"The Death of Movies Part XXXXIV: All 2021 Warners Movies to Streaming Same Day as Theaters(ON TOPIC)
Movie news this week in December 2020: Warner Brothers will now release its ENTIRE 2021 slate of movies (including Matrix IV and Suicide Squad II) the same day to theaters and to streaming on HBO Max.
Christopher Nolan chimed right in(paraphrased): "Scores of the best movie stars and directors in Hollywood went to bed working for one of the best studios in town...and woke up working for one of the worst streaming services on TV."
Given that movie theaters may spend half of 2021 not even being allowed to open, and then the other half trying to entice people to come back...evidently this looks to be quite a death blow to the "theatrical exhibition" side of the business. And not necessarily good for the pocketbook of Christopher Nolan.
For years, we have been seeing people willing to forego theaters and "wait the six months" for cable or DVD or streaming. But theatrical business was always there and -- given a huge worldwide market -- always lucrative with the billion-dollar grossing hits.

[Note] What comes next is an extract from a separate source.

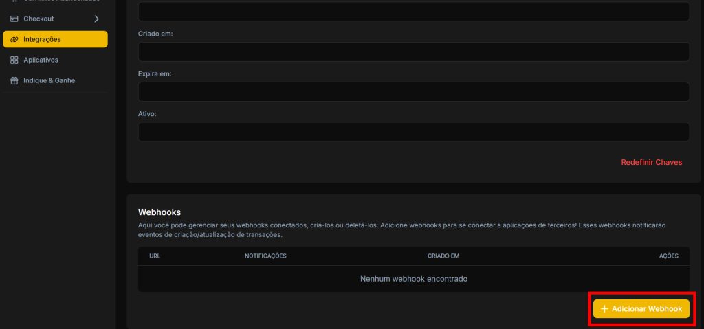 Agora precisamos precisamos adicionar o nosso Webhook, para adicioná-lo vamos clicar no botão “Adicionar Webhook”, no final da página.
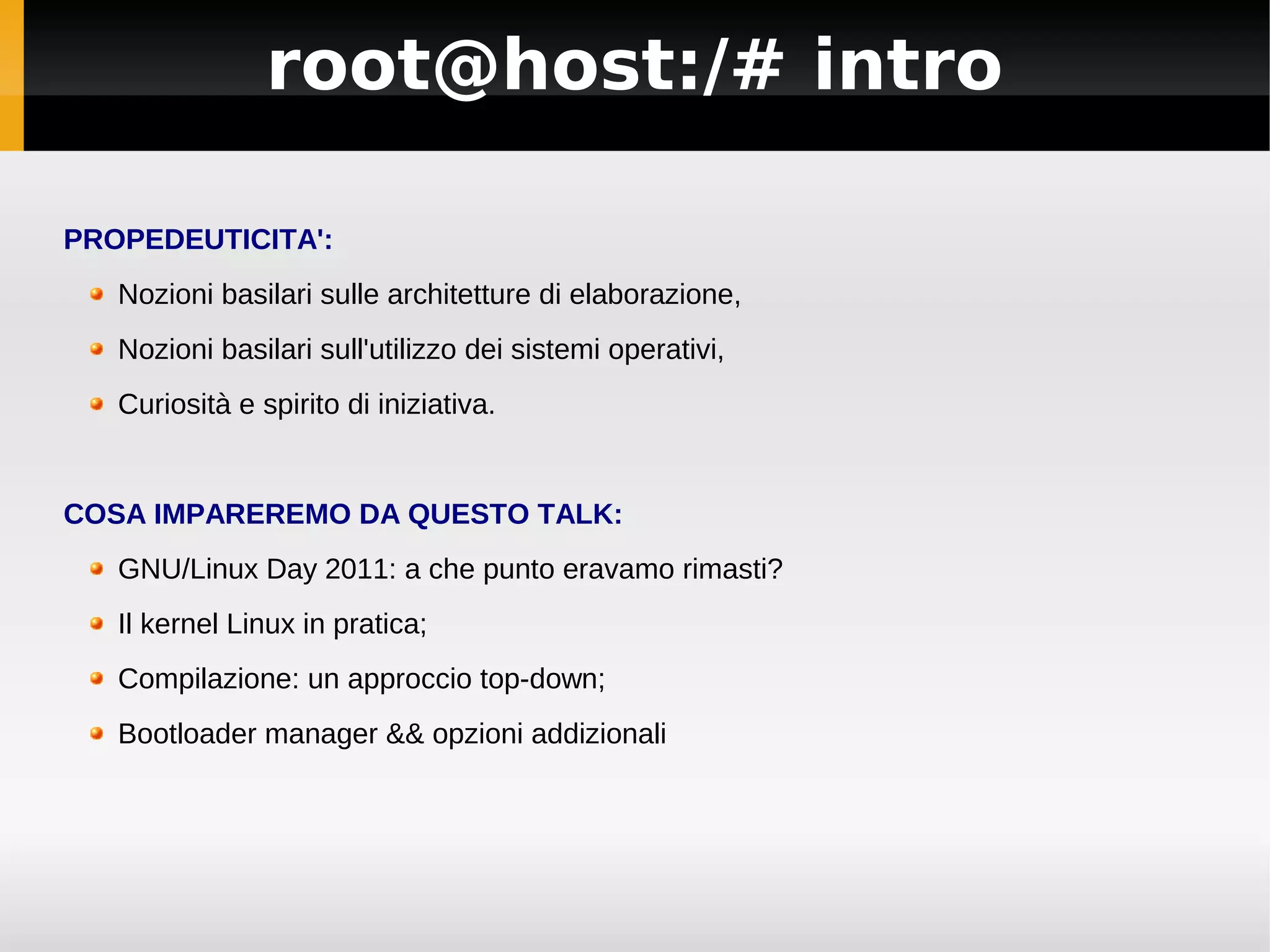 Questo documento è una guida dettagliata sulla compilazione del kernel Linux, presentata durante un workshop dell'Università degli Studi di Napoli Federico II. Viene fornita una panoramica delle nozioni fondamentali necessarie, dei passi per la configurazione e compilazione del kernel, oltre a indicazioni su come gestire moduli e driver. Infine, si introducono le opzioni di avvio e i consigli pratici per evitare errori comuni durante il processo.

But as has been noted, a family can rent Wonder Woman II on HBO Max(along with all other content on the channel) for 15 dollars a month -- the price of ONE adult ticket to ONE movie.
How is the same money made?
I dunno. I'd rather ponder this.
If first run movies move steadily onto streaming ....are we really seeing the end of the "theatrical movie going experience?"
And Psycho is as good an example as any of what you lose.
All reports from 1960 are that the movie played to full houses, for at least a month that way, filled with screaming people from about minute 47 (the shower scene) to the end at minute 109 (oh there were gaps in between, but everybody stayed tense.)
There is footage of lines around the block to get in to see it in NYC. And reports of THREE MILE lines of cars on the road to a New Jersey drive-in to get in.
In a 1976 Film Comment Hitchcock Issue, "Get Carter" director Mike Hodges wrote of how his local London cinema -- usually empty of crowds most weeks -- was filled to the max and screaming when Psycho came to town in 1960.
Now, Hodges story reminds us that in some ways, "Psycho" was the exception and not the rule in movies circa 1960. It could fill a theater and create lines down the block(especially with that "nobody gets in after the movie starts' edict.)
That OTHER type of movie that Hodges wrote about -- the movie in 1960 that could NOT fill a theater, not even close -- well, maybe that's where streaming comes in today.
For in any given year of movie releases, perhaps more movies get small crowds than big ones, no lines at all (I think waiting in line for a movie ended once multiplexes could run the same movie on 10 screens, same day -- THAT change is already in place.)
I guess one aspect of my being on the old side is having those memories of waiting in long lines and seeing movies with huge crowds.
Its ironic...running the concept through my memory banks I realize that the vast majority of movies I have seen in my life have been with half-full houses or less. Just walked in. No lines at all. These are the famous exceptions in my life:
Kiddies movies in the early 60's. As a clue to my childhood, I will note that I eventually refused to stand in long lines to see kiddie movies and then entering the theater to be surrounded by yelling, laughting caterwauling kids. I had to do this for Disney's "The Absent Minded Professor"(1961 -- the year after Psycho), but I also had to do this for "The Three Stooges Meet Hercules," (1962) which was MY request but a day I grew to remember in hatred. The line. The crowds. The noise. The lousy movie.
Wait Until Dark. My memory here is interesting. I didn't have to wait in a long line, but the theater was packed. And came the third act, EVERYBODY was screaming, long and hard and up to the biggest scream in the movie and then trailing down in the minutes of sheer terror in its aftermath. Wait Until Dark is my favorite movie of 1967 among many top competitors(The Graduate, Bonnie and Clyde, The Dirty Dozen, and for me, Hotel)...that screaming audience is the reason why.
Interesting: though Wait Until Dark was a 1967 release, I saw it in 1968, inexplicably on a double-bill with a Western, The Scalphunters(with Burt Lancaster.) I moved away, but came back on a vacation trip and went with my old friends to see Wait Until Dark AGAIN, two years later, in 1970, at the SAME theater, in a re-release, and AGAIN with a Western(Chisum, with John Wayne.) And yet...two full years later, Wait Until Dark STILL drew a full house, which STILL screamed all the way through the third act. Its the only movie I've seen that got the same reaction twice. (Not so, Jaws, see below.)